◆ **Exercise requirements**
Would you restate the listing word for word, with the images omitted?
(Beginning of Data)
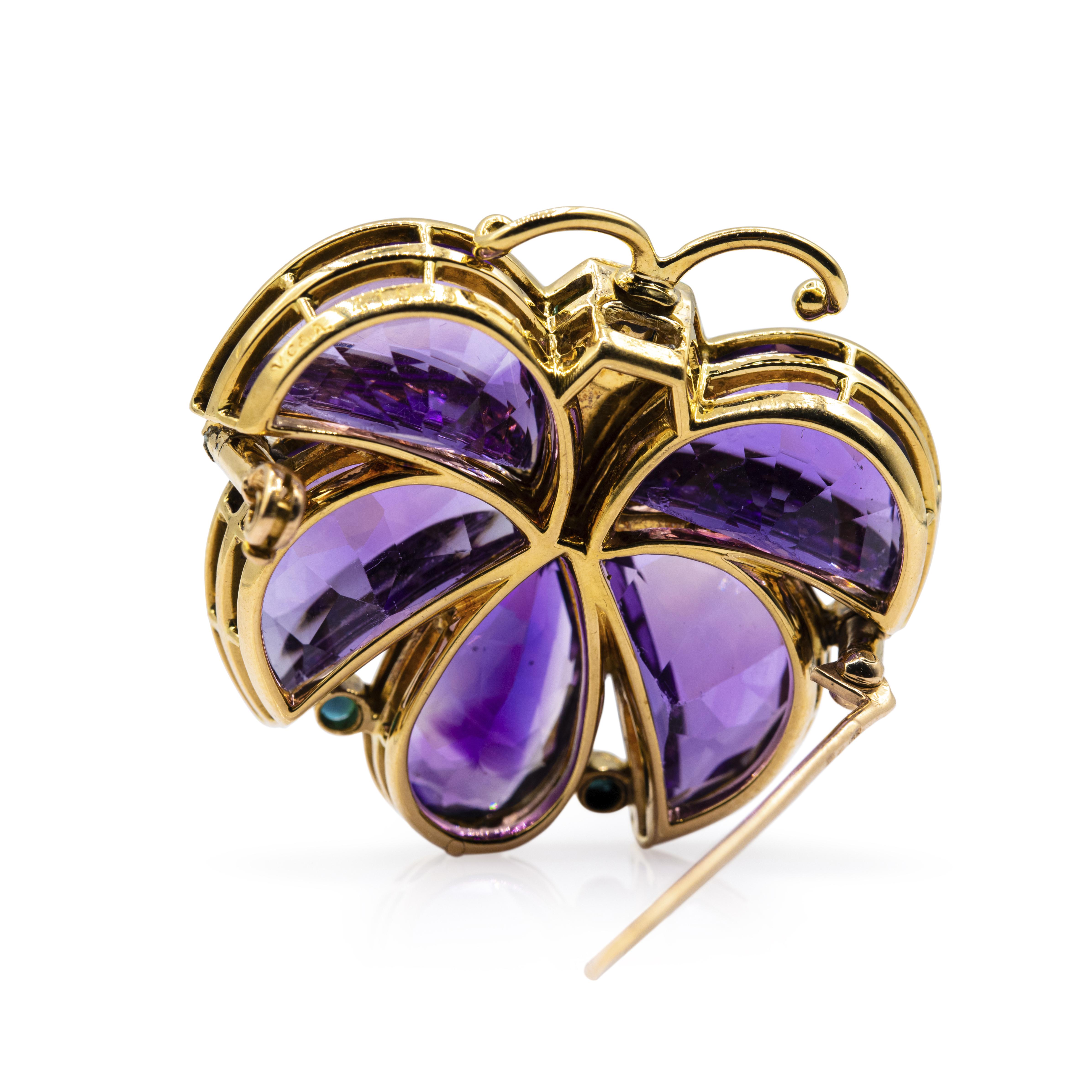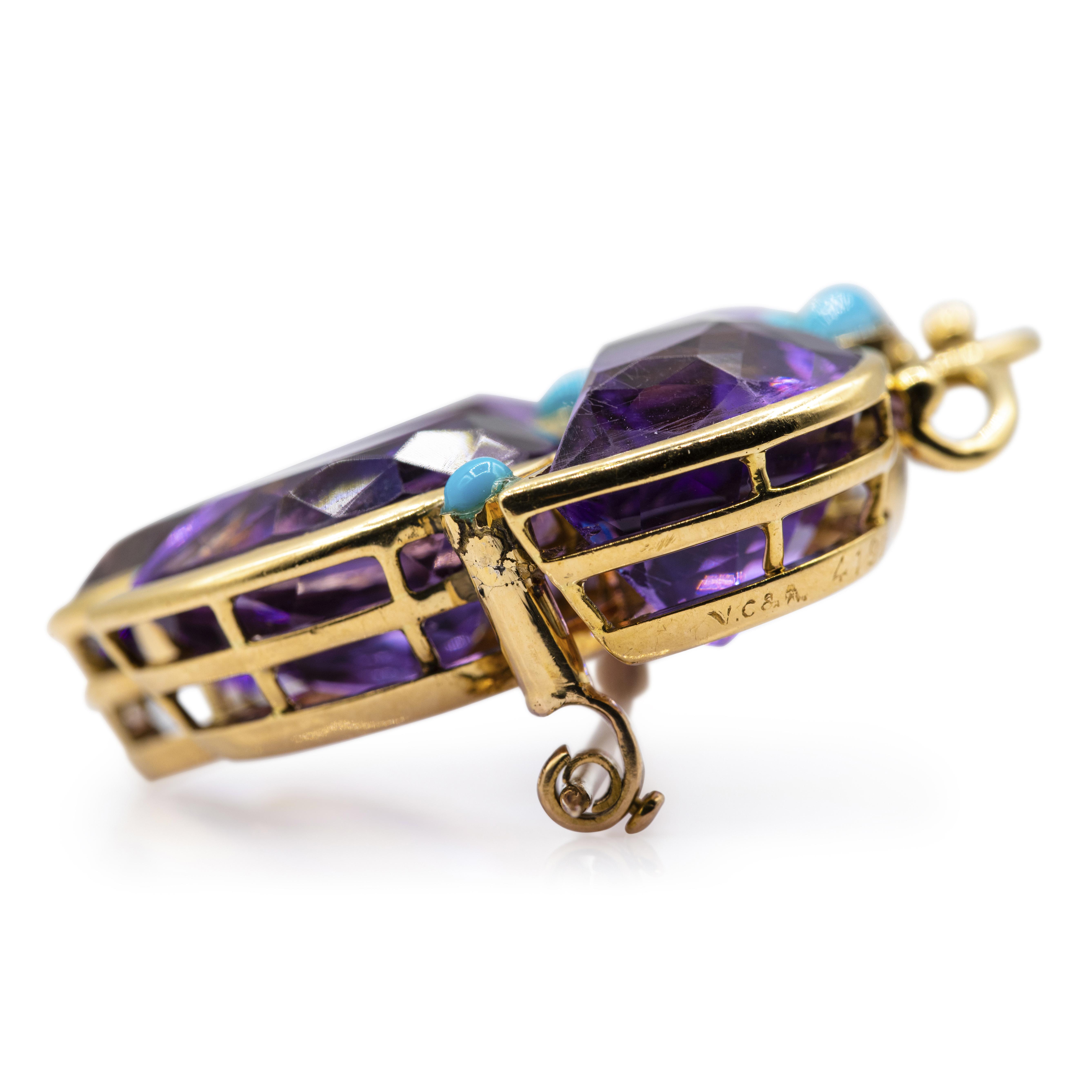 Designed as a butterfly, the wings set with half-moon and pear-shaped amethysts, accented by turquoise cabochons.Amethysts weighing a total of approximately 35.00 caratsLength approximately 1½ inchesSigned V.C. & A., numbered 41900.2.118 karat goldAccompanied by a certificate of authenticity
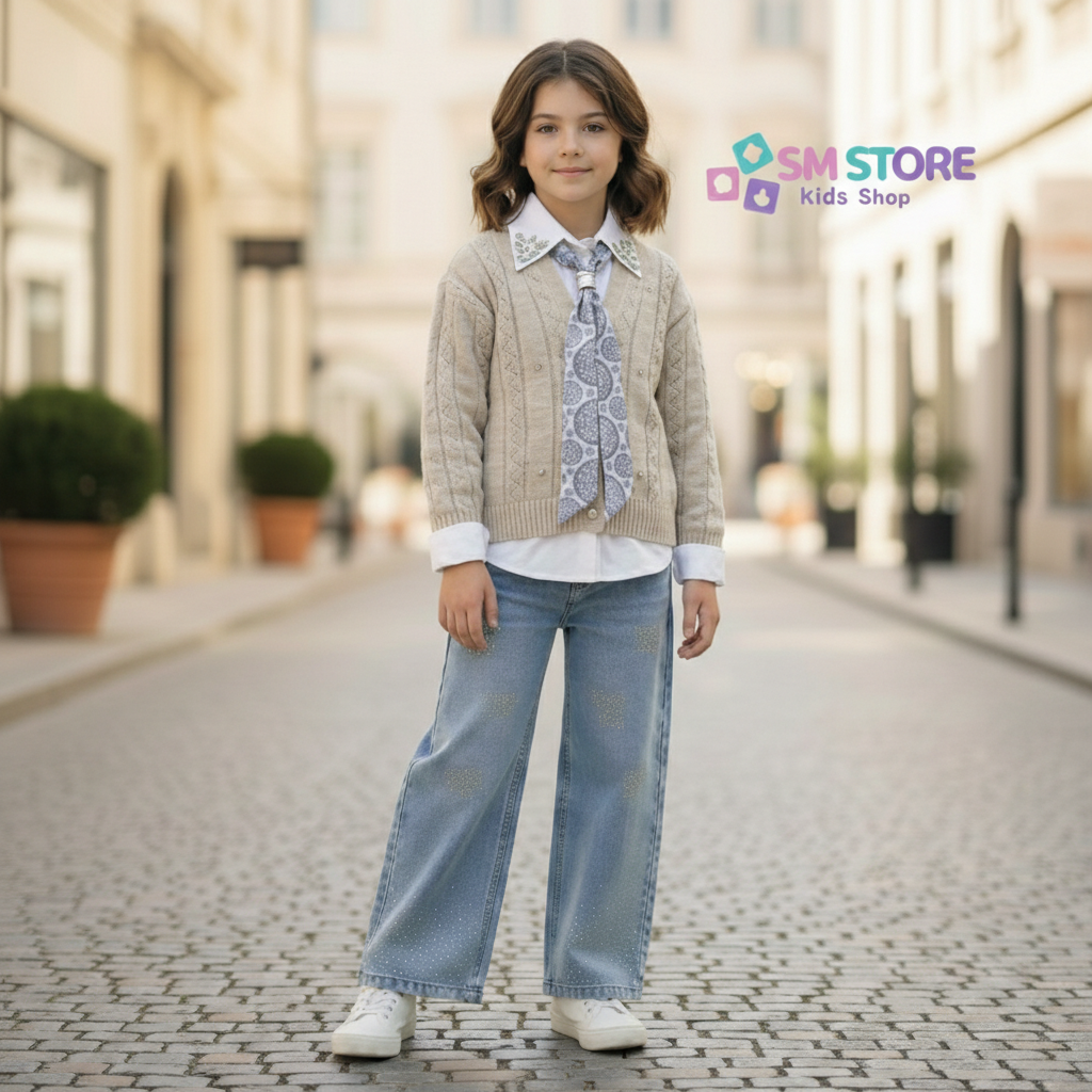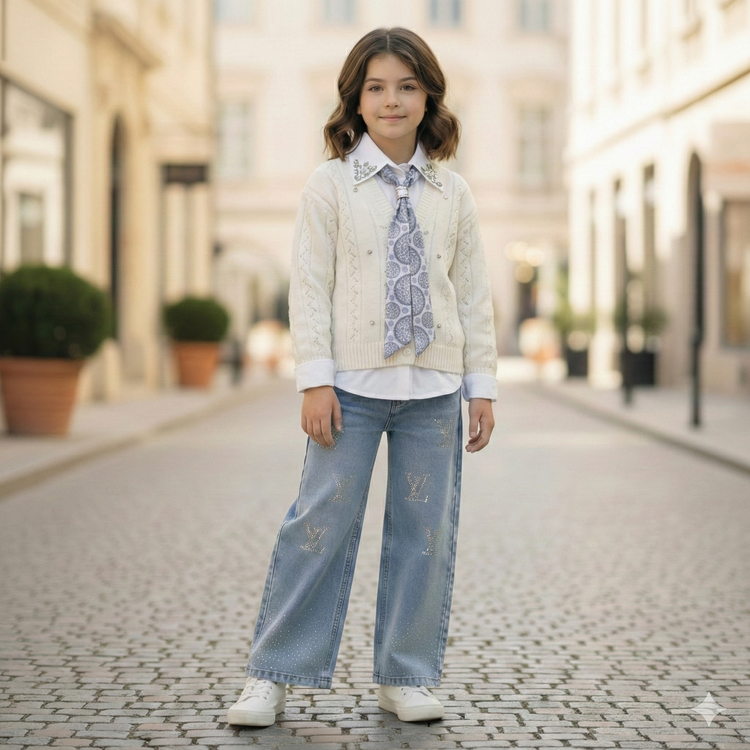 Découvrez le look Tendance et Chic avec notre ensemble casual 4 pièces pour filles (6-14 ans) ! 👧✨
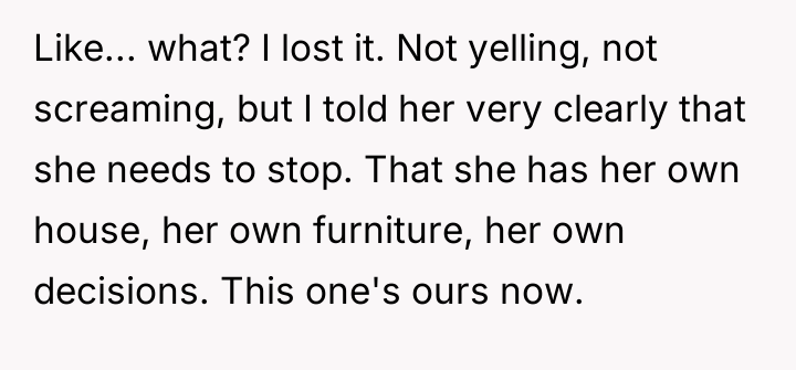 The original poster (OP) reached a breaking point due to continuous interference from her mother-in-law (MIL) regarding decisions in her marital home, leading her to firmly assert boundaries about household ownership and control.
(End of Data)
◆ **Task answer**
 Designed as a butterfly, the wings set with half-moon and pear-shaped amethysts, accented by turquoise cabochons.Amethysts weighing a total of approximately 35.00 caratsLength approximately 1½ inchesSigned V.C. & A., numbered 41900.2.118 karat goldAccompanied by a certificate of authenticity
 Découvrez le look Tendance et Chic avec notre ensemble casual 4 pièces pour filles (6-14 ans) ! 👧✨
 The original poster (OP) reached a breaking point due to continuous interference from her mother-in-law (MIL) regarding decisions in her marital home, leading her to firmly assert boundaries about household ownership and control.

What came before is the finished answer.